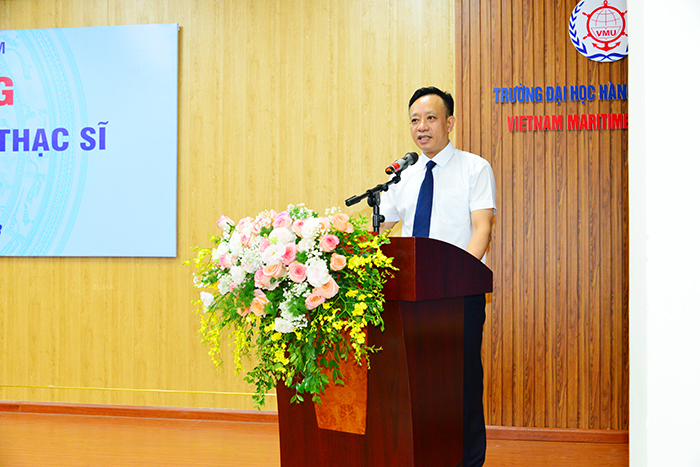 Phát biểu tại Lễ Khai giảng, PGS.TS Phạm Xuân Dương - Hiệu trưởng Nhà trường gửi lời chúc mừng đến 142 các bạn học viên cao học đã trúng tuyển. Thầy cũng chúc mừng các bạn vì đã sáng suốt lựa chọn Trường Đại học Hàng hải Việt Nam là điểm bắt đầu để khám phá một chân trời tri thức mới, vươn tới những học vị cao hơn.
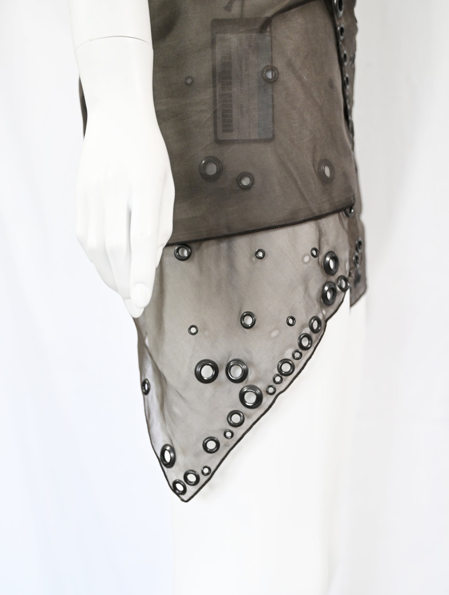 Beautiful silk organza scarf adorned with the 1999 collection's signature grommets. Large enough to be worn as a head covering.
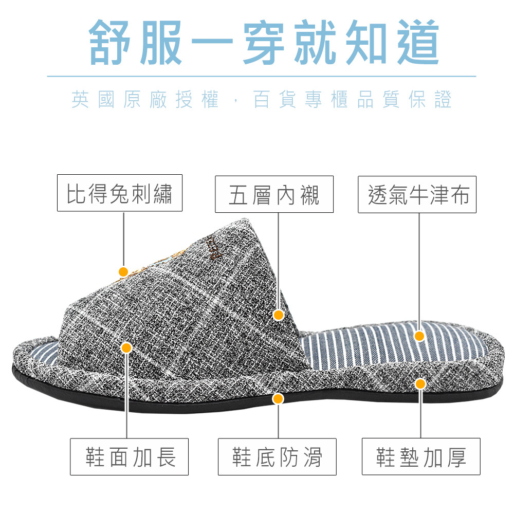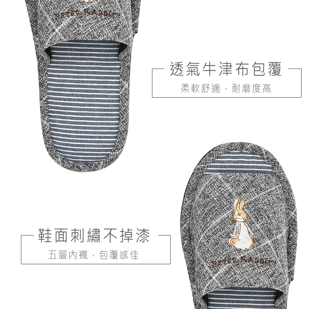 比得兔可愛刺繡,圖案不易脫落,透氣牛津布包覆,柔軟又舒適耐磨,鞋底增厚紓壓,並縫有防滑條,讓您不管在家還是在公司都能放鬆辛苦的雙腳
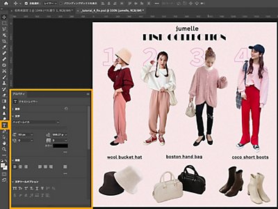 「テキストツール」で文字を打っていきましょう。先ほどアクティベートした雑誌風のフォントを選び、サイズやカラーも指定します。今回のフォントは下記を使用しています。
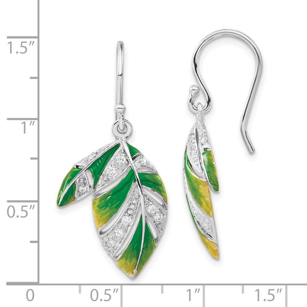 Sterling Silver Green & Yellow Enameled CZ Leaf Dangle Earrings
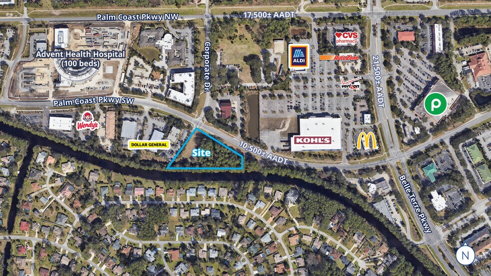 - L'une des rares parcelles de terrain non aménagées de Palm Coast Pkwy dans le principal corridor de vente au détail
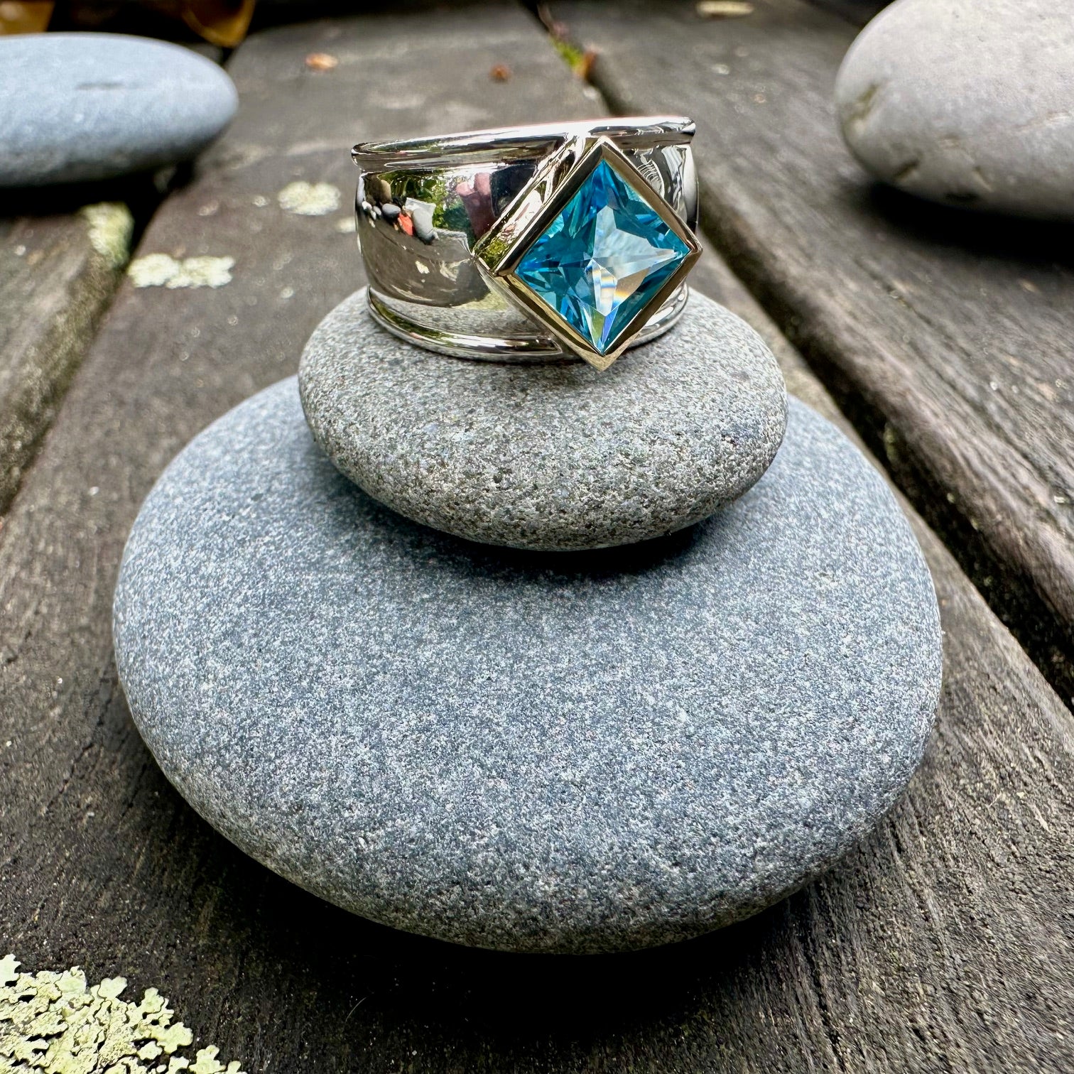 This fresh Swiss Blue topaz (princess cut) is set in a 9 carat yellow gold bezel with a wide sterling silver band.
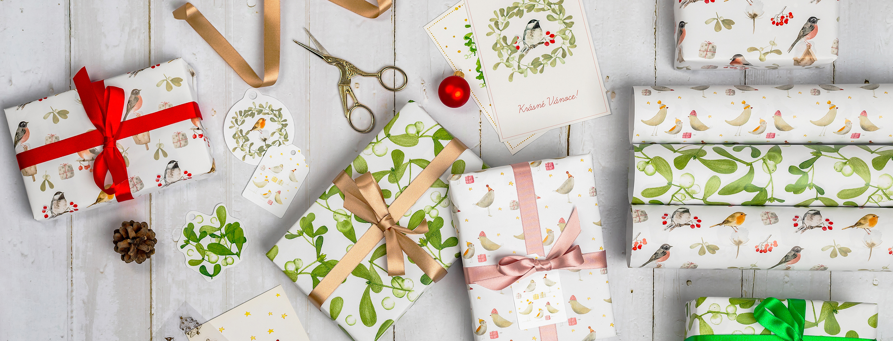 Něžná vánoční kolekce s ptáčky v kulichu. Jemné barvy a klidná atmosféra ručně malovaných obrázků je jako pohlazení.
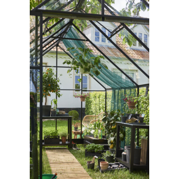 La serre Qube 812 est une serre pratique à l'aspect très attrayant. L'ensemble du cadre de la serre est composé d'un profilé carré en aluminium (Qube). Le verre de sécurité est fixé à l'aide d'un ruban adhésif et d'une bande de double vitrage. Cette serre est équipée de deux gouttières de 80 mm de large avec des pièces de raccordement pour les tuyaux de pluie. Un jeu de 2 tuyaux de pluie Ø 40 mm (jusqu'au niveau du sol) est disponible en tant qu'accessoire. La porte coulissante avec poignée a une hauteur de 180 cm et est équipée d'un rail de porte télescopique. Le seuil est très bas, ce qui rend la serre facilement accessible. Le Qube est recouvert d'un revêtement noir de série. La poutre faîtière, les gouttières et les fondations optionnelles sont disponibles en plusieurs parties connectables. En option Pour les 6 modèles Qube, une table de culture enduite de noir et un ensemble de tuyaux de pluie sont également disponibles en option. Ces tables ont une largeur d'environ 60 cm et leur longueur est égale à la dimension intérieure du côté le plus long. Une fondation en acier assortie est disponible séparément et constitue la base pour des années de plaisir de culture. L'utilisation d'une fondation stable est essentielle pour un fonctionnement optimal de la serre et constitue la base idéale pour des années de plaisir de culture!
+ + + + + + +
▶ [ACTION ITEM]: Please return exactly the lines above, from where the listing starts to the line holding "Beautiful silk organza", inclusive, with the pictures omitted.

▶ [RESULT]:
 Phát biểu tại Lễ Khai giảng, PGS.TS Phạm Xuân Dương - Hiệu trưởng Nhà trường gửi lời chúc mừng đến 142 các bạn học viên cao học đã trúng tuyển. Thầy cũng chúc mừng các bạn vì đã sáng suốt lựa chọn Trường Đại học Hàng hải Việt Nam là điểm bắt đầu để khám phá một chân trời tri thức mới, vươn tới những học vị cao hơn.
 Beautiful silk organza scarf adorned with the 1999 collection's signature grommets. Large enough to be worn as a head covering.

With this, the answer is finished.